§ Task objective
Could you repeat, exactly and with no pictures, only the lines from the start of the records through the line containing "Color: Square specialty"?

§ Data items
=== Begin Enclosure ===

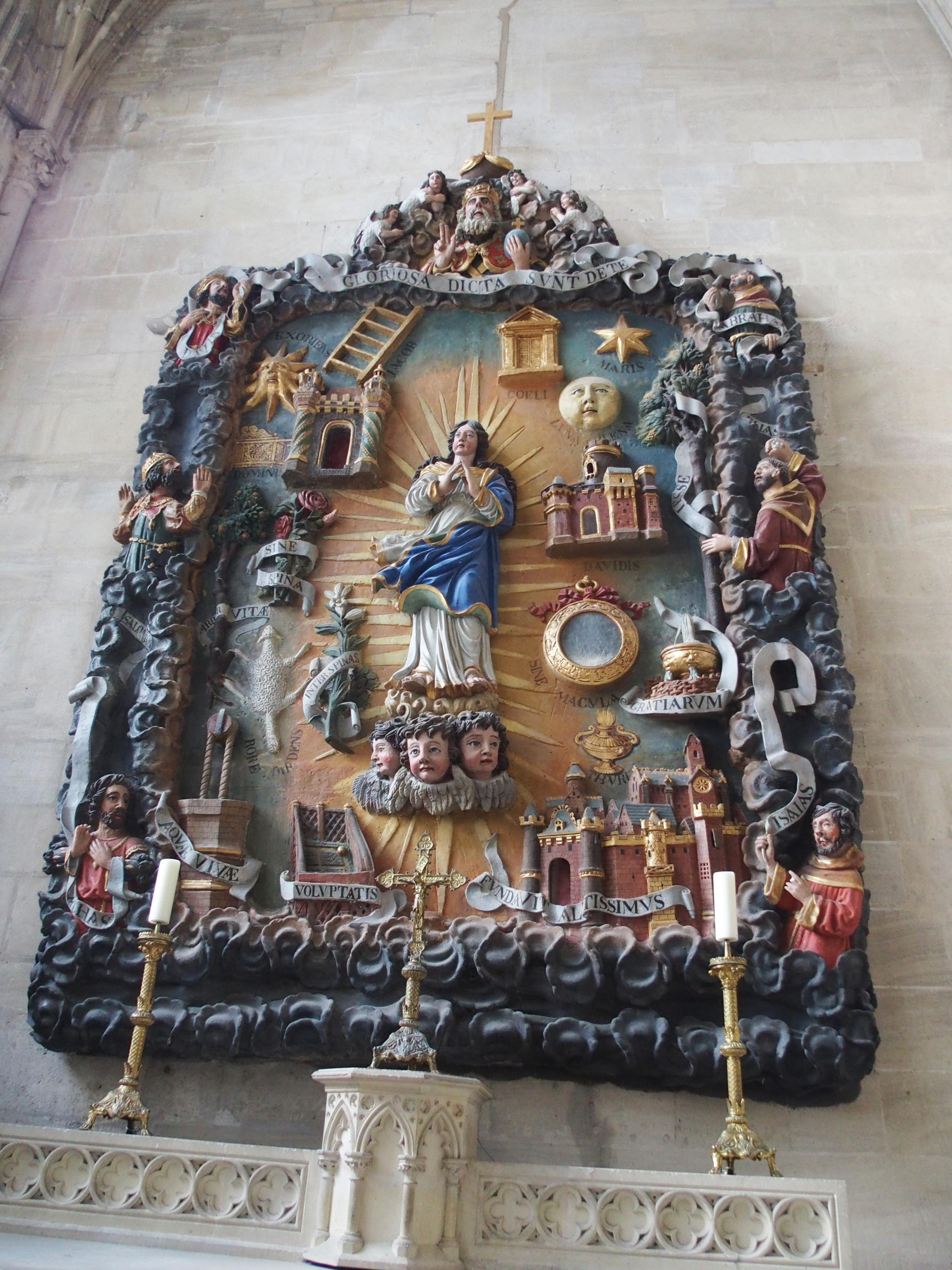 Bas-relief qui provient sans doute d'un retable des litanies de la Vierge ; cadre composé de nuages où apparaissent Dieu le Père et les prophètes.
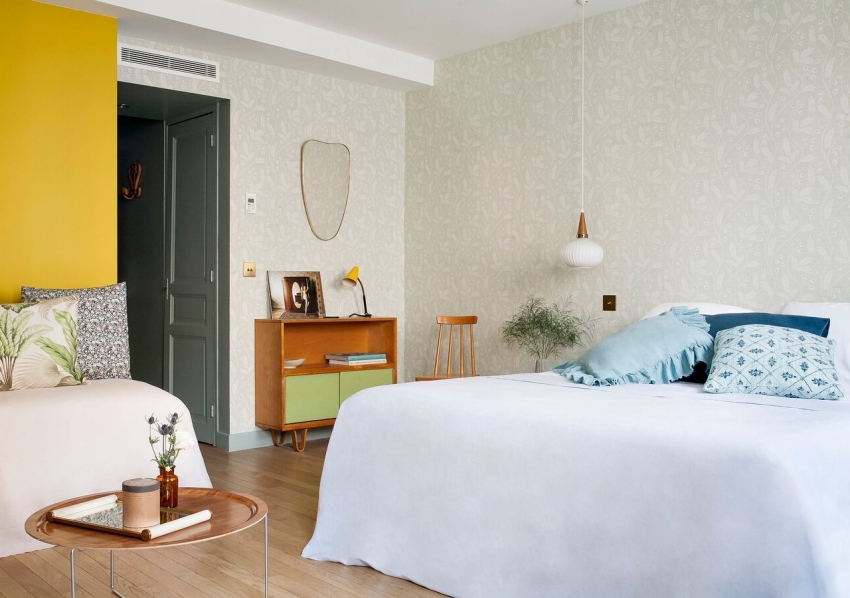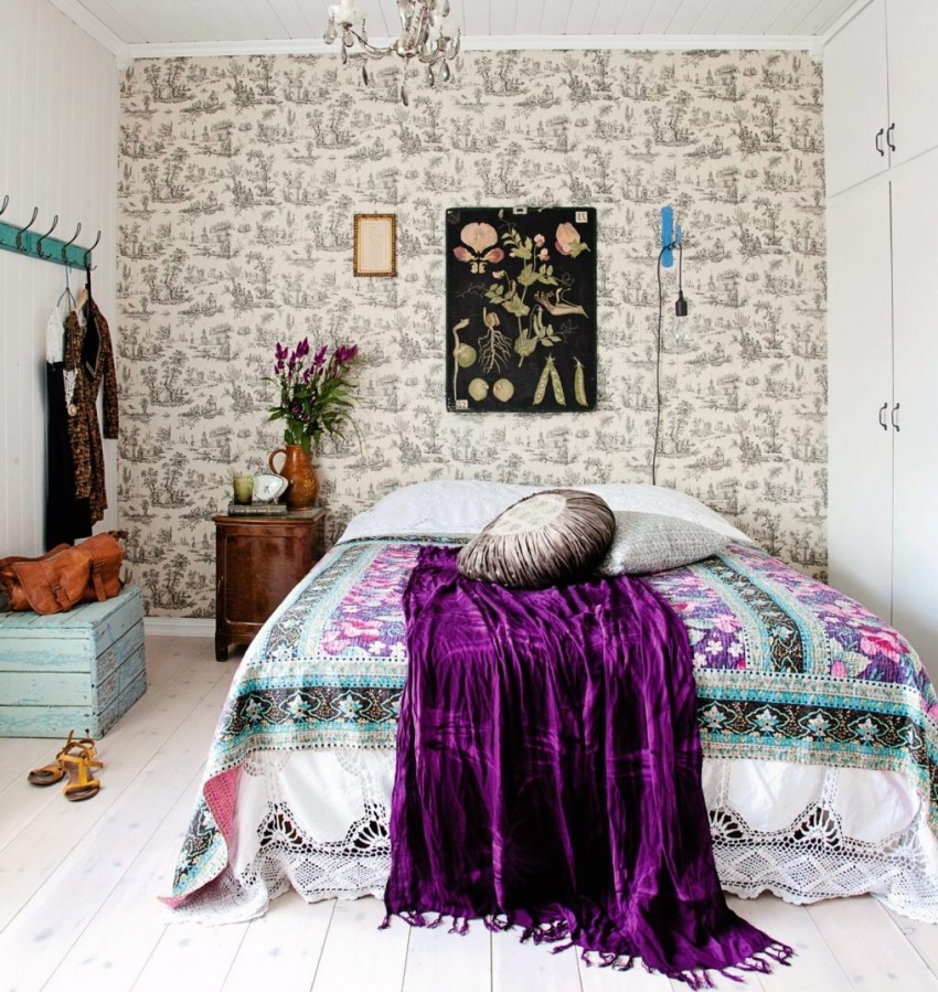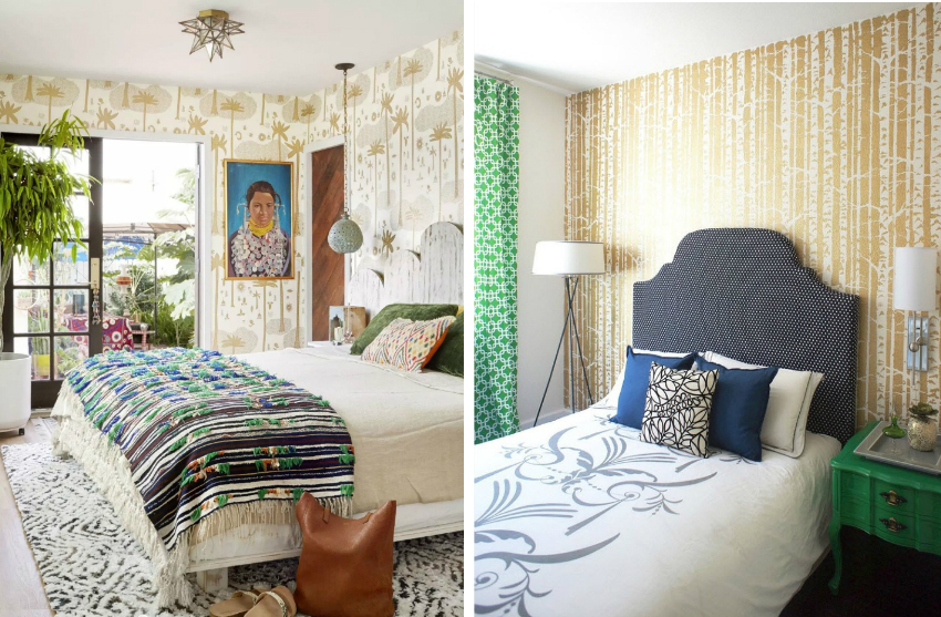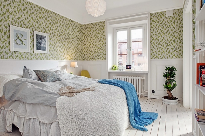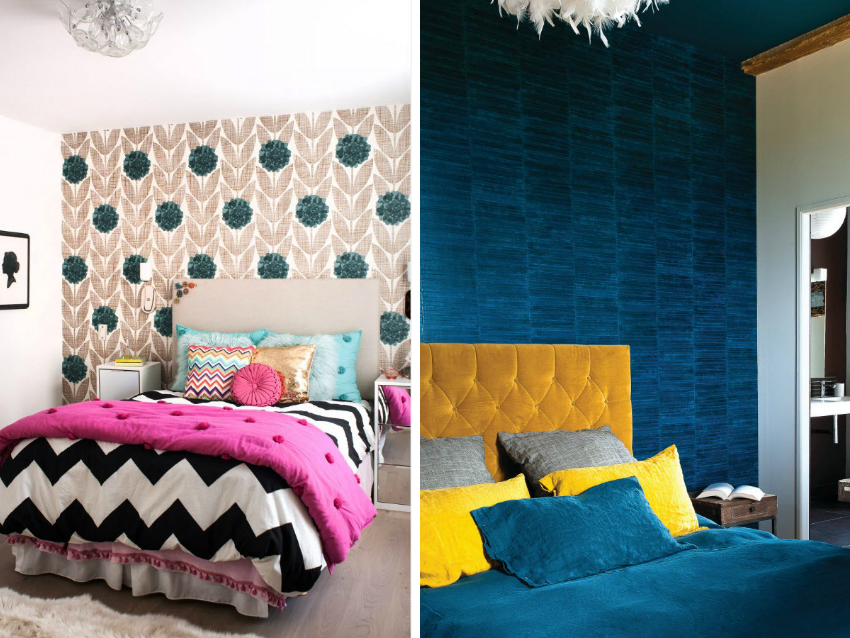 Pelbagai pilihan warna dan warna kertas dinding membolehkan anda membuat bahagian dalam bilik tidur yang unik dan selesa
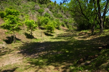 山の中へ入れる細い道がある。しかし入らない方が良い。
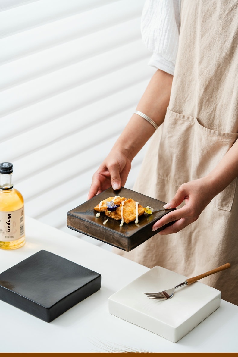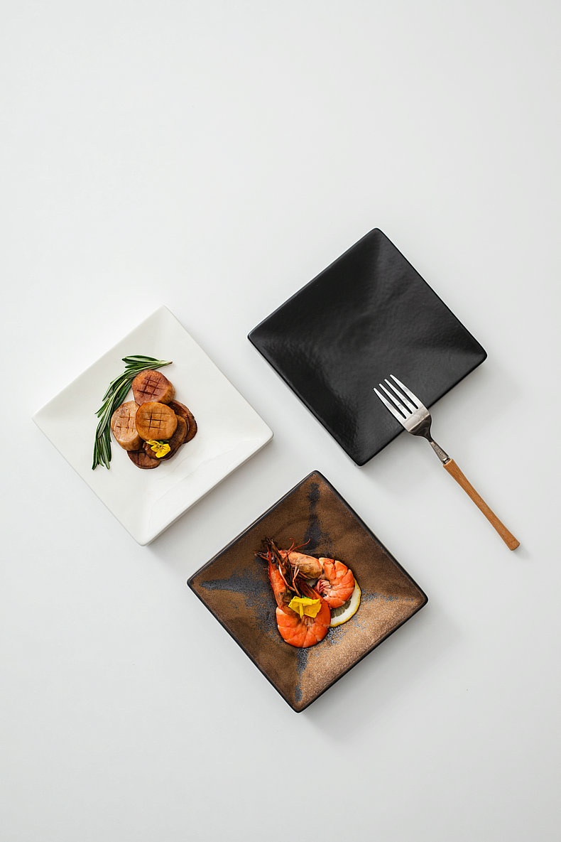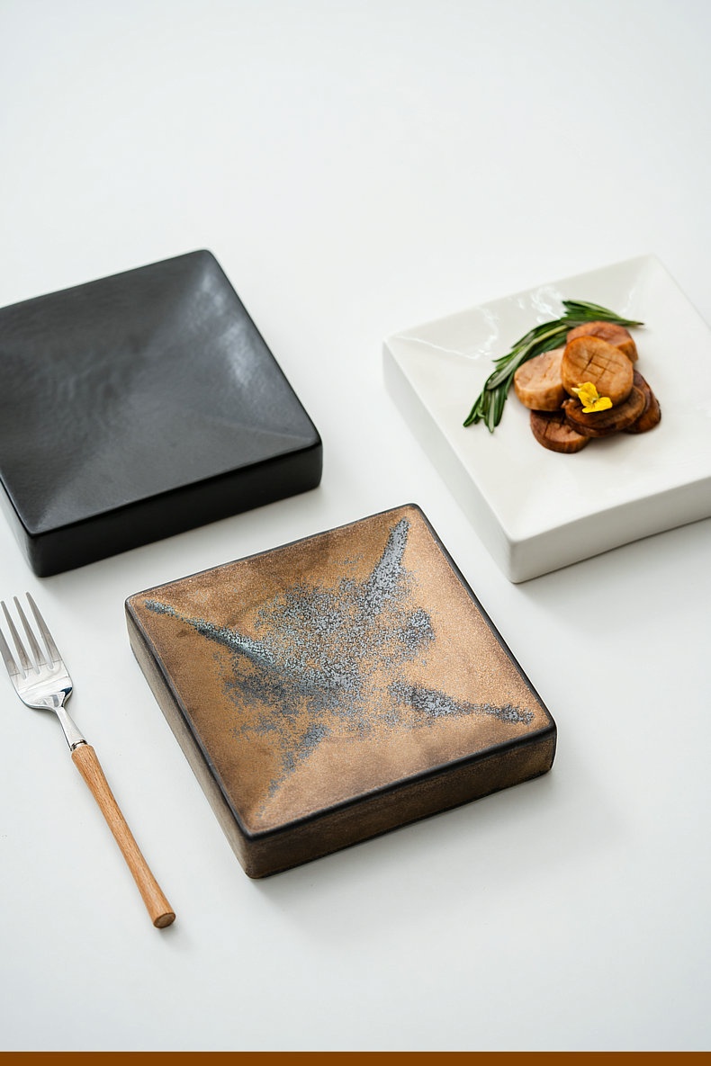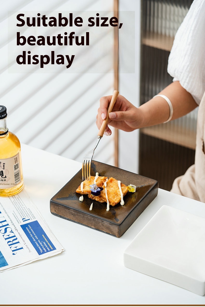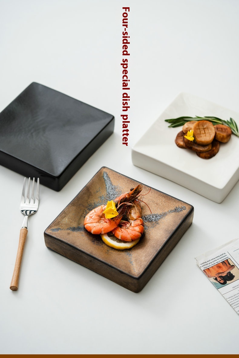 Color: Square specialty plate/black, square specialty plate/Milky White, square specialty plate/gold glaze, square specialty plate/Kiln Roasted Yellow, square specialty plate/Kiln Roasted dark green
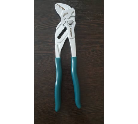 Хотел попробовать книпексовский механизм, но без серьезных затрат. Оказалось очень даже удобно! Тем, кто не видел, как это работает, попробую объяснить. У инструмента есть два основных люфта. Первый появляется если нажать и удерживать кнопку. В этом положении перемещая ручки одтносительно друг друга можно выставить фиксированный размер гайки. Он гарантированно сохранится в процессе работы. Для фиксации размера просто отпускаем кнопку. В этом положении у ручек сохраняется ограниченный люфт на разведение, что позволяет немного расставить губки, подлезть, обхватить гайку, и зафиксировать ее нажатием на ручки. Далее после каждого оборота, достаточно просто отпускать и нажимать ручки, чтобы переставить ключ, надежно сохраняя выставленное значение размера гайки. Теперь про конкретный инструмент. Весь механизм люфтящий и, к сожалению, не знаю, таков ли он у оригинала, вполне возможно, что это его конструктиваня особенность. Однако на работспособность это в любом случае никак не влияет! Инструмент позволяет производить работу одной рукой и мощно захватывать большие гайки. Достаточно хорошо сидит в руке, эстетично выглядит и четко работает. Расстройство доставило отсутствие шкалы размеров гайки, с ней очевидно было бы быстрее выставлять инструмент в рабочее положение. Но опять же проблема не большая. Также удивило, что на них не подходят книпексовские резиновые губки от оригинала этих клещей, на крафтуле просто нет соответствующих зацепов, а сама геометрия губок заметно отличается. В общем и целом это универсальный и очень удобный инструмент, но других ключей он не заменит. Тому виной достаточно тонкие ручки и механизм, что вызывает опасения при работе с прикипевшими соединениями и большими диаметрами гаек. Обычный разводной ключ я в комплекте все равно оставил. ВНИМАНИЕ! Это довольно короткие клещи, длиной с хорошие пассатижи. Будбтье внимательны!
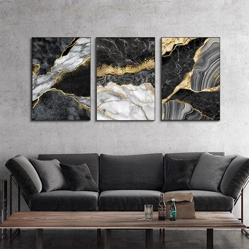 Абстрактная живопись искусство стены черный, белый цвет холст картины Мрамор мозаика с золотыми жилами, Плакаты печать, Картина Настенная для Декор в гостиную
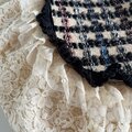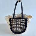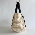 マチにはたっぷりと生地を使ったギャザーが特徴的で、ヴィンテージレースを使用しています。荷物もたっぷりと入れられる大きさも魅力の一つです。肩に掛けられるくらいの長さの持ち手なのでとても使い勝手の良いアイテムとなっております。
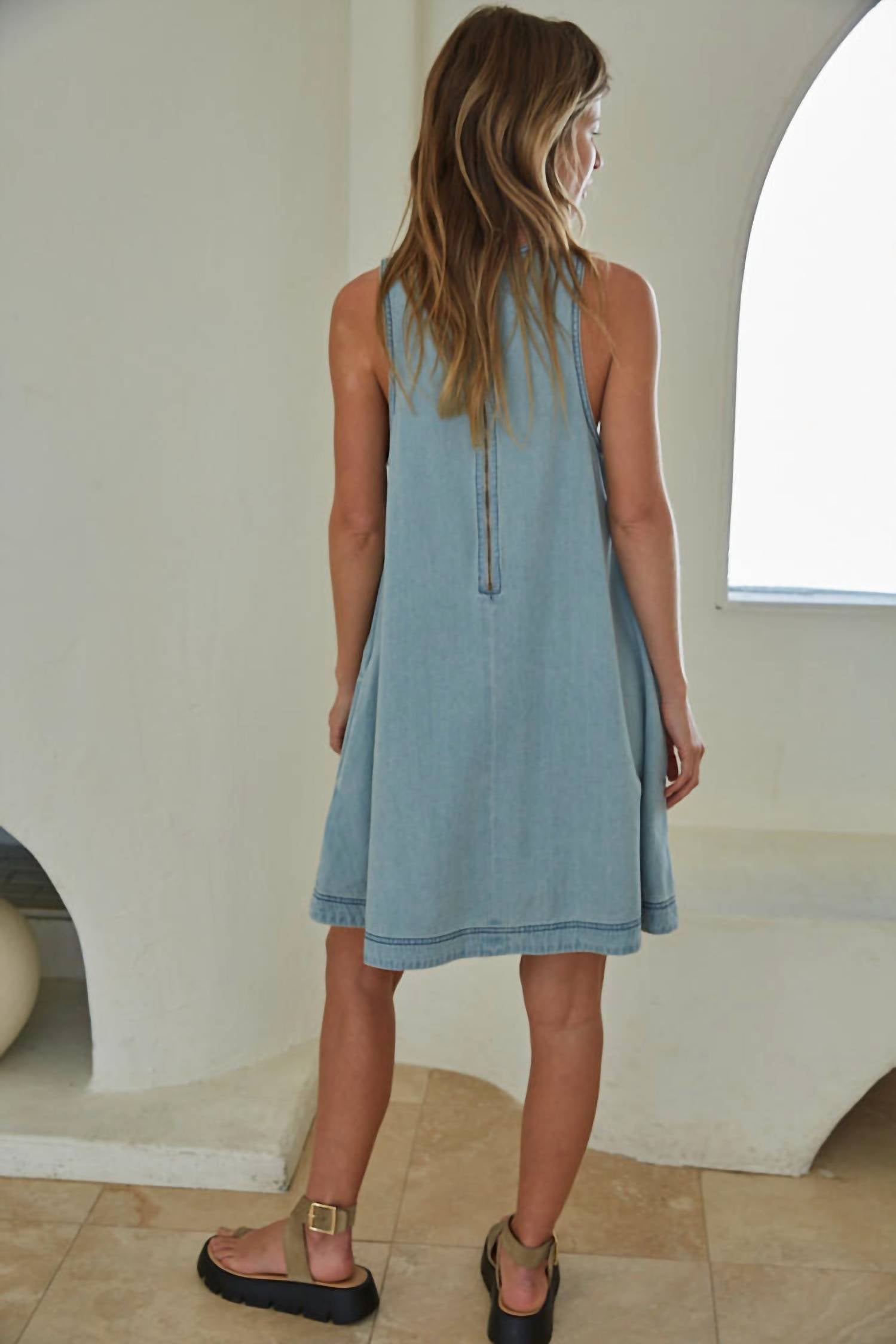 The perfect mini dress for those warmer months. The Swing Mini Dress by By Together, a charming denim piece for women, is designed for casual summer occasions like dinner parties. This minimalist A-line dress has short sleeves, a solid pattern, and features a convenient zip closure. The raw hem and subtle stitching add a touch of relaxed elegance to its carefree silhouette. Enjoy pairing it effortlessly with your favorite boots and embrace the sunshine in style.
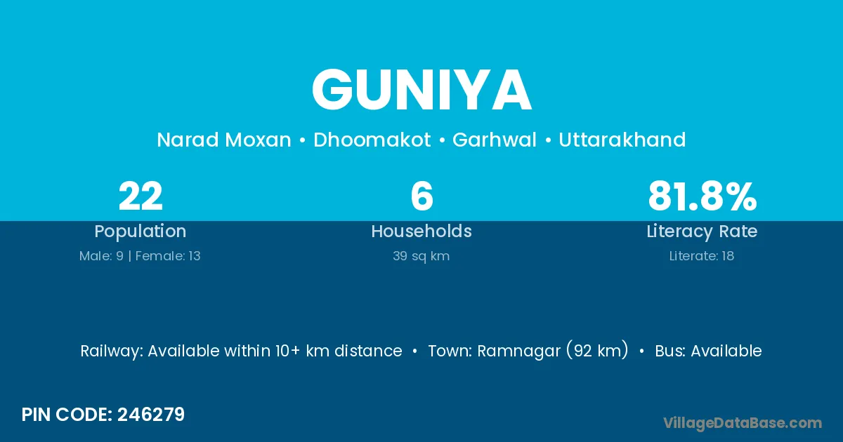 Guniya village has a total population of 446 people, of which 228 are males and 218 are females.
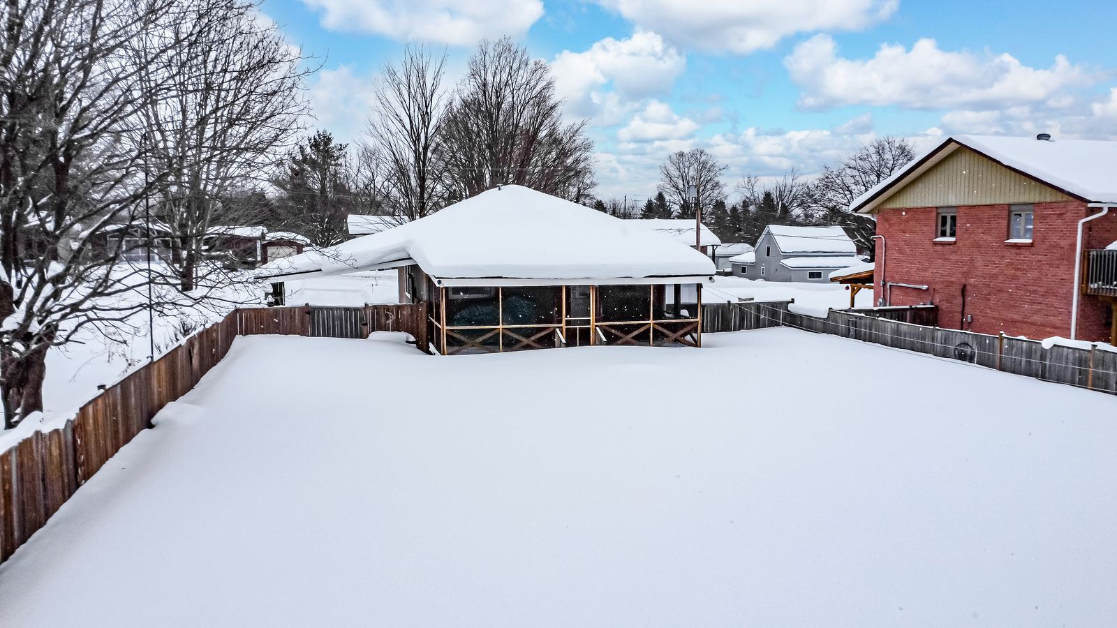 Charming bungalow on a 60 x 165 ft lot with a large screened-in porch & walkable beach access! Morning coffee on the screened-in porch, an evening walk to the dock with a fishing rod in hand, and everyday essentials just steps from your front door, this is small-town living done right. Set on a deep landscaped 60 x 165 ft lot, the fully fenced backyard gives you space to garden, let pets roam, or finally host those summer get-togethers you have been talking about, complete with a storage shed to keep everything organized. The bold red front door adds personality out front, while parking for five makes life easy when friends and family stop by, with one spot in the carport and four in the driveway. One-level living keeps everything convenient and connected, with a functional main-level layout centred around a bright combined living and dining room filled with natural light from large windows and finished with warm-toned wood flooring. The updated white kitchen features a tile backsplash, pantry storage, and abundant cabinetry, flowing into a separate breakfast area with a walk-out that is perfect for casual meals and morning routines. Two comfortable main-level bedrooms are served by a 4-piece bathroom, while the unfinished lower level with a separate side entrance offers excellent storage now and real potential to create the extra space you have been wanting, whether that is a rec room, a home gym, a hobby studio, or extra room for guests over time. Walkable access to waubaushene beach, waubaushene dock, the library, churches, food mart, tim hortons, and the lcbo keeps daily life easy and puts the best of the community within reach.

=== End Enclosure ===

§ Written answer
 Bas-relief qui provient sans doute d'un retable des litanies de la Vierge ; cadre composé de nuages où apparaissent Dieu le Père et les prophètes.
 Pelbagai pilihan warna dan warna kertas dinding membolehkan anda membuat bahagian dalam bilik tidur yang unik dan selesa
 山の中へ入れる細い道がある。しかし入らない方が良い。
 Color: Square specialty plate/black, square specialty plate/Milky White, square specialty plate/gold glaze, square specialty plate/Kiln Roasted Yellow, square specialty plate/Kiln Roasted dark green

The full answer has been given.